Not exactly PB,
but still welcome
Editor, The Commercial,
Does our fair city have a publicist in Hollywood?
Independent reporting for Pine Bluff & Jefferson County since 1879.
A few months ago, I was watching an episode of the CW’s “Wild Cards” — a series about a disgraced cop paired with a female con artist to seek redemption for both — when she began to list some of the towns where she had lived in her youth: Seattle, Vegas and Pine Bluff, Arkansas.
I did a double-take. Since I had closed-captioning enabled, I read the words there to assure my ears had not deceived me. Yep, it said Pine Bluff. It was just a passing reference, yet there it was, on national TV.
That seemed like an anomaly, until Sunday night when CBS decided it was time to stop showing reruns of reruns. The first entry in its new fall season was the returning series “Tracker,” about a guy who travels the country collecting rewards for locating missing people. (It’s one of those “Don’t try to figure out the logic, cause there isn’t any” light dramas with a little action thrown in.)
The opening shot of the star’s search area this episode was printed plainly on-screen: Pine Bluff, Arkansas.
Wow! Not merely a reference this time, but a whole episode set in Our Town… only it wasn’t. I know Jefferson County from Ferda to Pinebergen, and the show’s establishing shot of rolling hills will not be found in it; Lincoln County, maybe, but not Jefferson.
OK, ignore that and concentrate on urban shots. It didn’t get any better: The few shops shown are not to be found around Pine Bluff or even White Hall. There was a brief overhead shot of an industrial area that might possibly have been the Port of Pine Bluff, but I doubt it.
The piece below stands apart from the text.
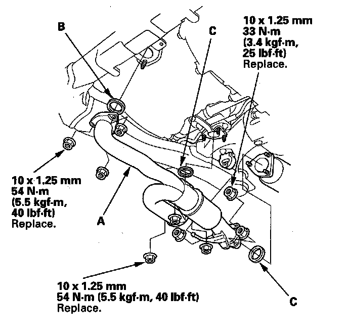41. Install exhaust pipe A with the new self-locking nuts and new gaskets (B) (C).

Ignoring the background imagery, the episode continued in its formulaic manner. The series, I have noted, seldom shows more than three or four people in a scene; a “crowd shot” is six. I guess it saves on paying extras.
Overall, the episode was fulfilling for viewers craving anything that wasn’t another rerun, or sports. It was only after it wrapped that I realized the cast for the episode was almost entirely monochromatic. Nope, not Pine Bluff at all!
Still, it was nice to see a show about “Pine Bluff” that did not focus on the negative but just showed it to be a typical American city.